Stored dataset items

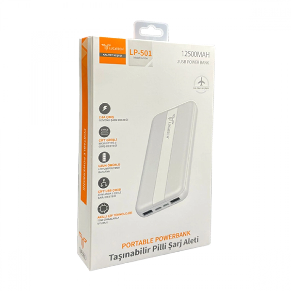 12500mah dual USB and typec micro input portable led level light power bank LP-501
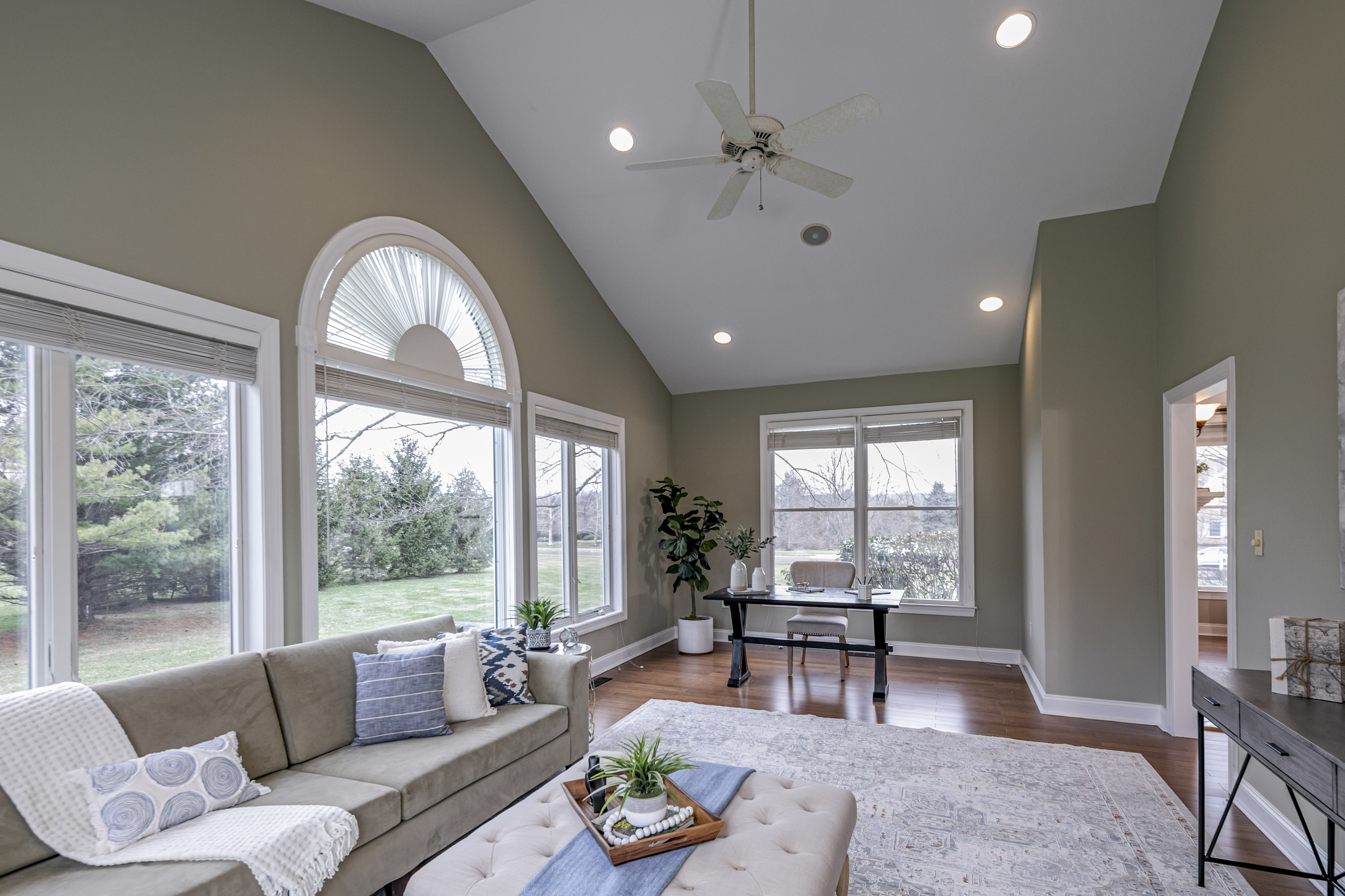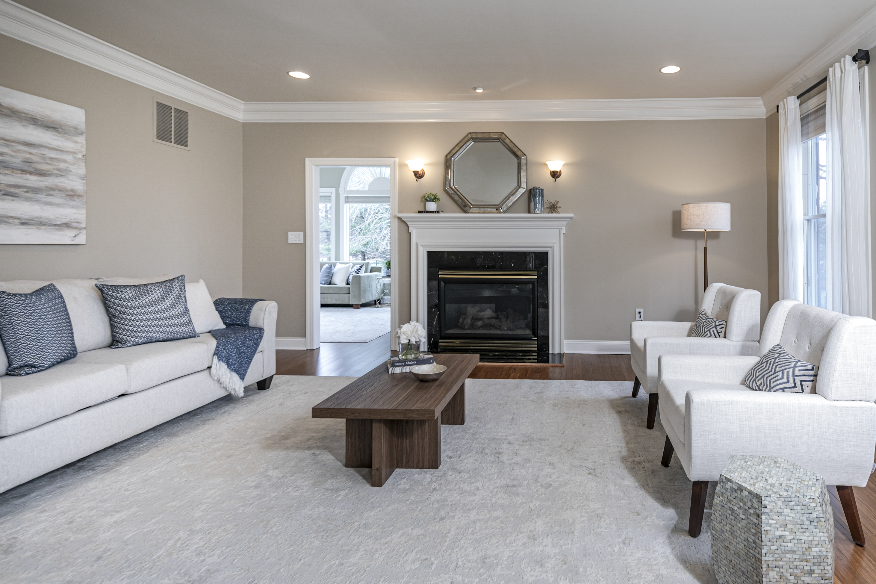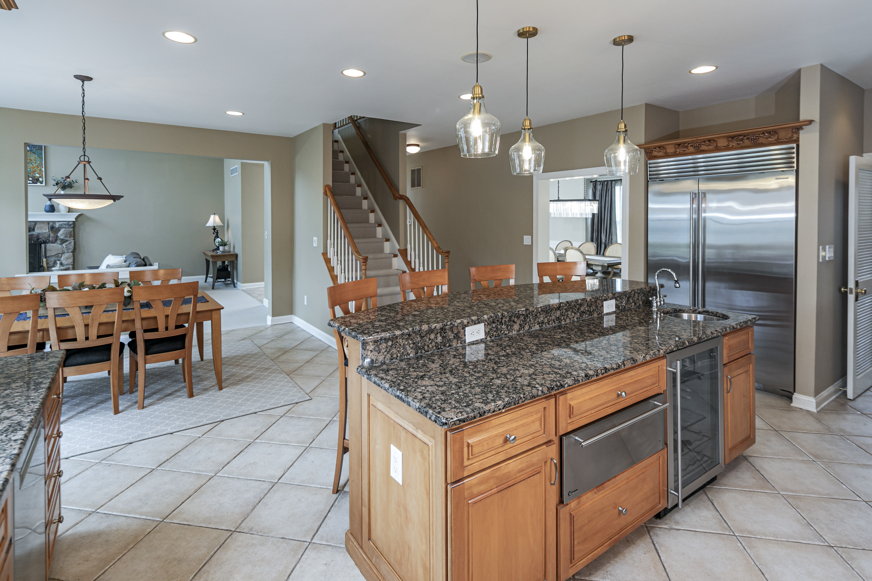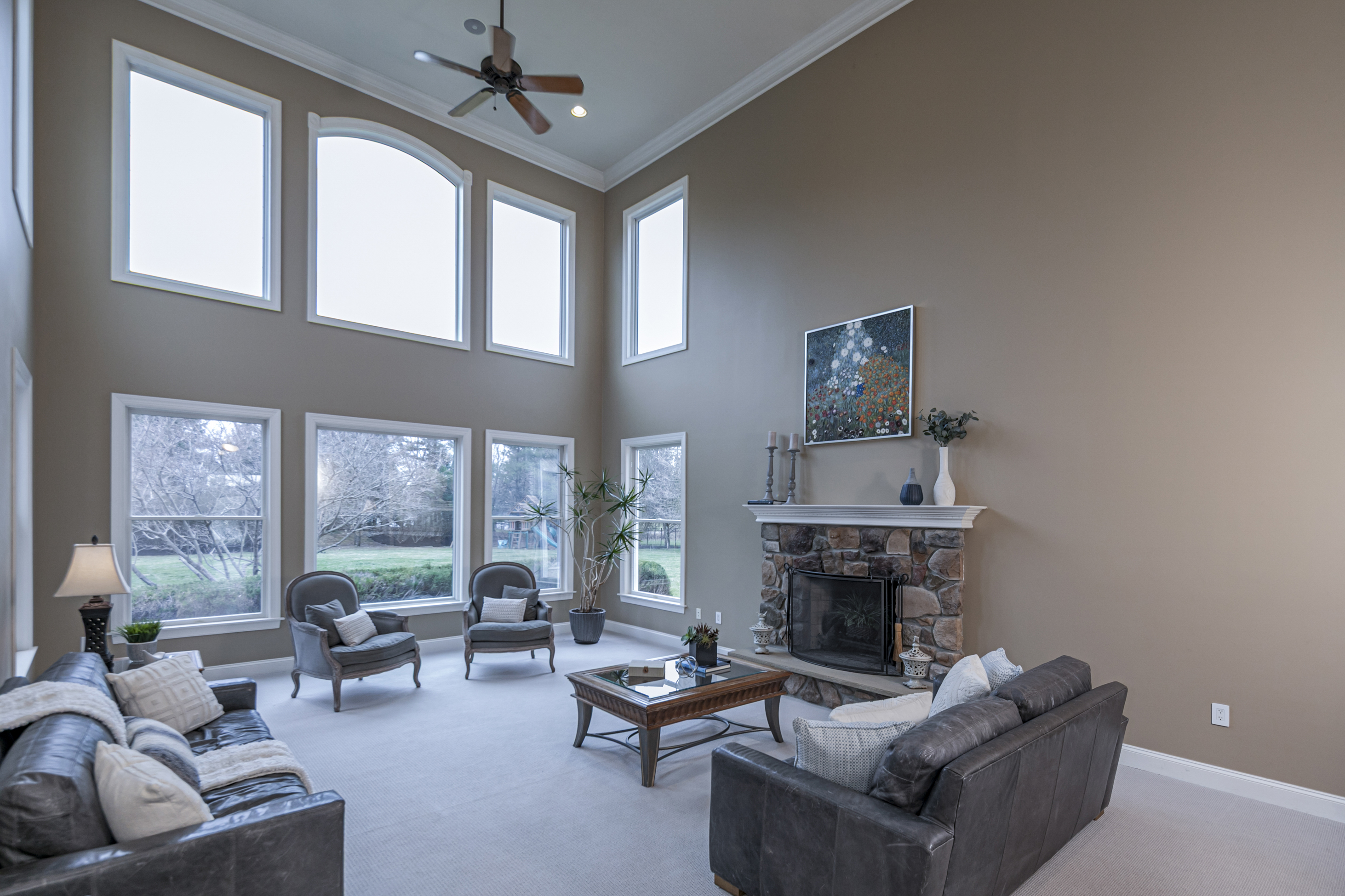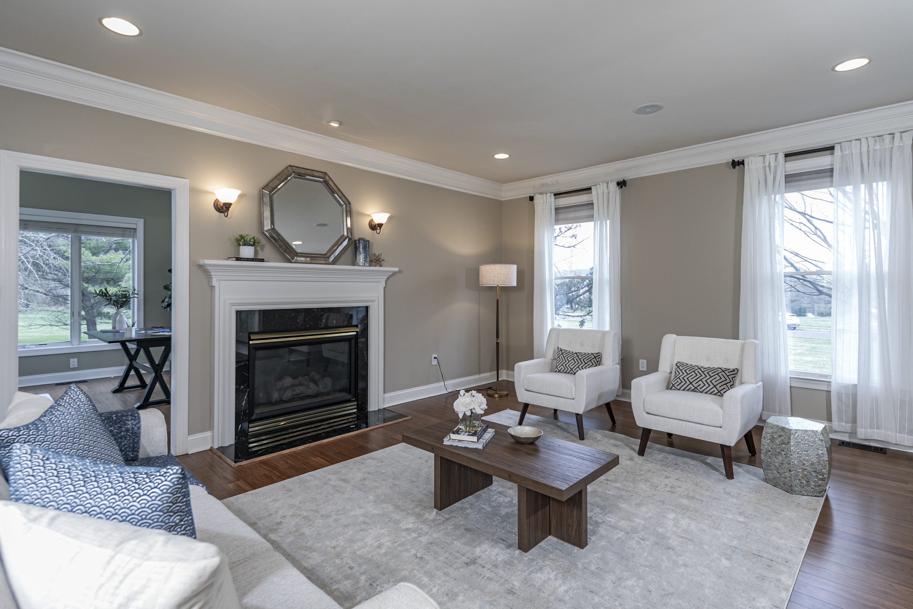 This is a house that understands how to live well! Set on more than two acres in a distinguished enclave of fine homes, this expansive home unfolds with ease and polish. Surrounded by some of the area’s most coveted golf clubs, close to acclaimed public and private schools, and just a short drive from Princeton, the setting offers prestige and practicality in equal measure. Inside, the atmosphere is warm, gracious, and beautifully composed. A stylish entry opens to an impressive foyer, where the living room and dining room stand on either side, each enriched by tasteful millwork and a sense of timeless proportion. In the Great Room, soaring windows rise to the ceiling and draw in an abundance of natural light, creating a bright and welcoming centerpiece for daily life. A wood-burning fireplace brings character here, while the living room offers its own gas fireplace. Just beyond, a luminous conservatory extends the home’s entertaining capacity when gatherings grow. Tucked nearby are a den and a powder room. The sunlit kitchen is designed to be as functional as it is attractive. It features a generous central island with seating for four and a prep sink, an oversized Sub-Zero refrigerator, and a Dacor six-burner cooktop crowned by a professional hood. The adjoining dining area, laundry, and mudroom, along with a secondary staircase to the bedroom level, make the choreography of daily life feel seamless. Upstairs, the newly carpeted second floor offers spacious rooms and a landing that overlooks both the foyer and Great Room below. Two bedrooms share a bath, while a guest suite enjoys its own private bathroom. The main suite is a true sanctuary, indulgent in both scale and design, with three large walk-in closets, a kitchenette, a private home office or sitting room, bathroom, and a serene bedroom with a window seat. The walk-out lower level continues the home’s effortless sense of luxury, offering an array of spaces dedicated to leisure. A home theater, gym, recreation room, full bath, and wine cellar create a destination all their own. Outdoors, the home opens onto an inviting paver patio and a resort-inspired backyard with an outdoor kitchen, pool, and spa, all set within a large, fenced expanse of lawn. The well-manicured neighborhood with sidewalks provides a peaceful sense of community without the additional fees or restrictions of a homeowners association.
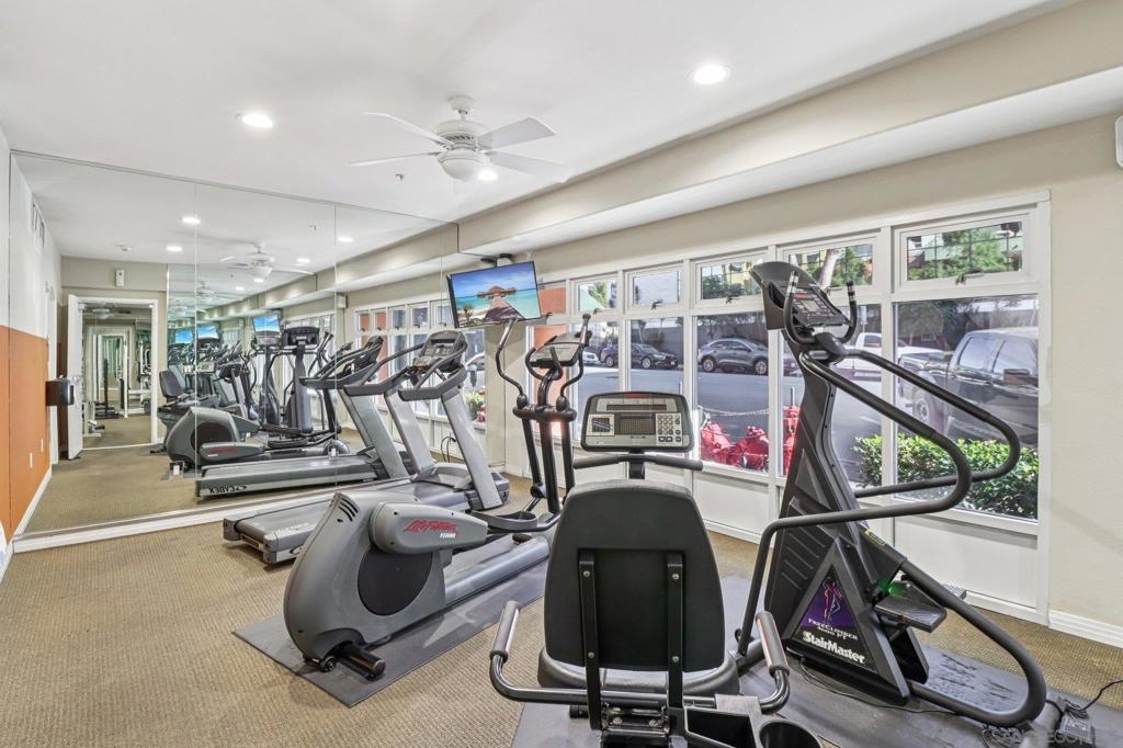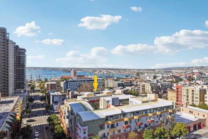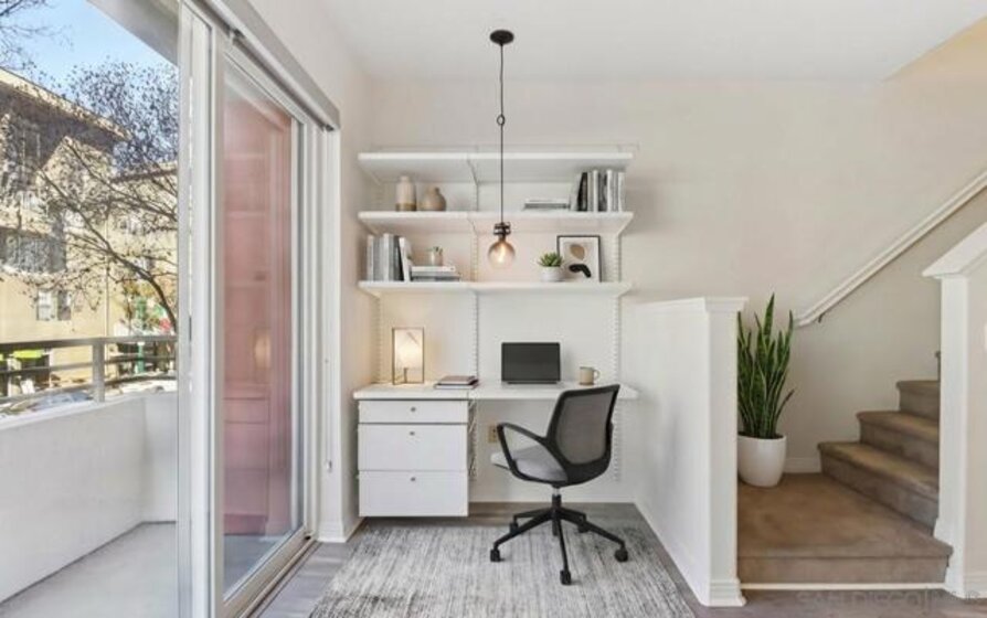 Rarely available live/work opportunity in the heart of Little Italy. This unique Shopkeeper-style property offers a street-level commercial space with an adjoining two-bedroom, 2.5-bath townhome-style residence above—ideal for owner-users, creatives, or investors seeking versatility and income potential. The ground-floor commercial space, currently rented, approx 600 sq ft, includes a half bath and interior stairs leading to the residence. A lockable door separates the two spaces. The residential condo is light and bright, featuring a formal entry and an open-concept layout with a spacious kitchen, living, dining, and office area. This level also includes a convenient half bath and opens to a generous balcony with city views. Upstairs, the primary suite offers a walk-in closet with custom shelving and a well-appointed bathroom with a walk-in shower. The second bedroom is also en suite, complete with a shower/tub combination, while hallway storage cabinets provide added functionality. Additional highlights include in-unit laundry and two side-by-side parking spaces. Located within Village Walk, a charming community inspired by the colors and textures of Burano, Italy, residents enjoy courtyards, piazzas, fountains, a fitness center, and a community room. Step outside to experience the very best of Little Italy—top-rated restaurants, boutiques, coffee shops, nightlife, and the renowned Little Italy Farmers Market. Just blocks away, enjoy scenic harbor walks and bay views, with easy access to the Marina District, Gaslamp Quarter, East Village, Petco Park, and The Rady Shell.
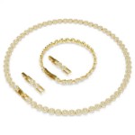 Harmonizing luxury throughout your style, this gold-tone plated set was born to shine. Each piece features a full surround of round-cut crystals, each framed by a halo of clear pavé. This includes the dainty motifs on both the necklace and the bracelet. The foldover clasps deliver a seamless closure, while the additional extenders mean you can adjust the jewelry for both comfort and size. Wear these pieces together whenever you need a look of all-over glamour.
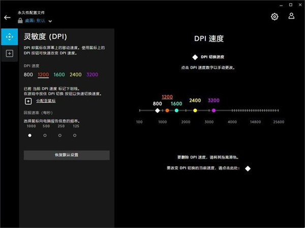 首先是DPI的调节,可以看到罗技G502 X支持的DPI范围是100-25600。在该页面也可以进行回报率的调节,罗技给到了四挡选择。
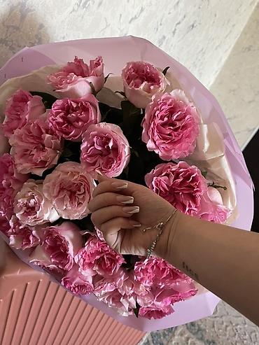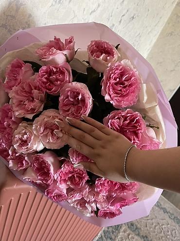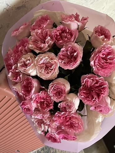 - Состав: пионовидные розы насыщенных и нежно-розовых оттенков, плотные махровые бутоны с выразительной гофрировкой лепестков.
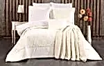 Set içerisinde yer alan yatak örtüsü, nevresim takımı ve yumuşacık battaniye, birbirleriyle tam uyumlu renk ve desenlerden oluşur. 6 adet yastık kılıfı (dantelli, desenli ve pano) ile yatağınızda katmanlı ve lüks bir otel konforu oluşturabilirsiniz.
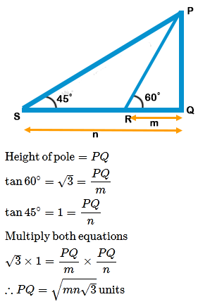Angles of elevation of pole are 60° and 45° from points at distances m and n on ground respectively. Here m, when measured from base of pole is less than n. What is the height of the pole?
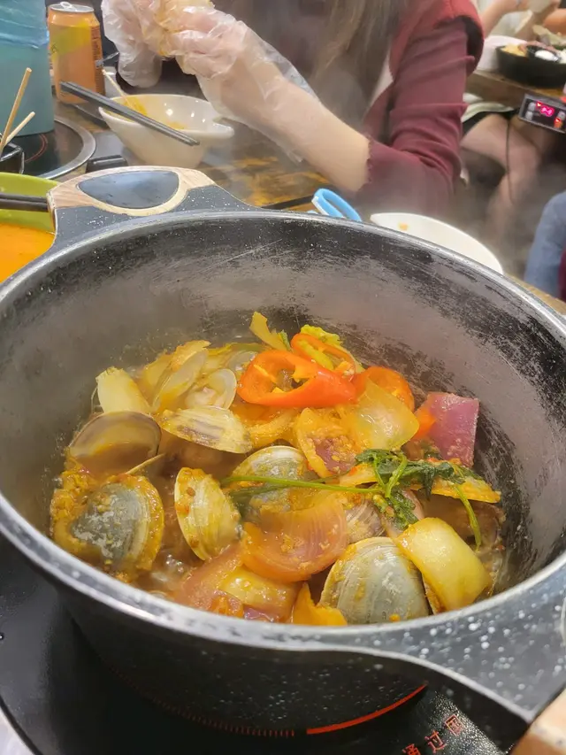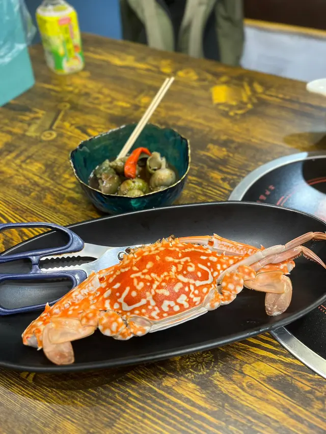 原來大埔呢邊新開左間任食雞煲海鮮打邊爐😍😍今日有機會試過好正呀!好開心大埔多左個打邊爐落腳地!仲要性價比超高!價錢合理而且質素高。食物種類非常多樣性,估唔到連炸物都有,千祈唔好睇少呢間小店!食雞煲之餘,店主會送你冷盤前菜,可以㨂凍蟹或者冰火翡翠螺。我同朋友一日揀咗一樣。凍蟹肉質結實又鮮甜,翡翠螺酒味濃郁,味道非常好,翡翠螺本身亦好新鮮爽口👍🏻雞煲我哋揀咗招牌麻甩雞鍋,份量大到你唔信🤭味道非常之香濃,食唔停口!之後打邊爐嘅湯底選擇了混你個醬卜卜蜆鍋。呢個味好特別,有大量蒜蓉,洋蔥,芫茜,辣椒混蜆,色香味俱全!蜆肉大大隻又厚肉!查看更多

-- What the task requires --
Repeat the lines above exactly, beginning with the one containing "Set içerisinde yer" and finishing with the one containing "Angles of elevation". No pictures belong in the copy.

-- Written reply --
 Set içerisinde yer alan yatak örtüsü, nevresim takımı ve yumuşacık battaniye, birbirleriyle tam uyumlu renk ve desenlerden oluşur. 6 adet yastık kılıfı (dantelli, desenli ve pano) ile yatağınızda katmanlı ve lüks bir otel konforu oluşturabilirsiniz.
Angles of elevation of pole are 60° and 45° from points at distances m and n on ground respectively. Here m, when measured from base of pole is less than n. What is the height of the pole?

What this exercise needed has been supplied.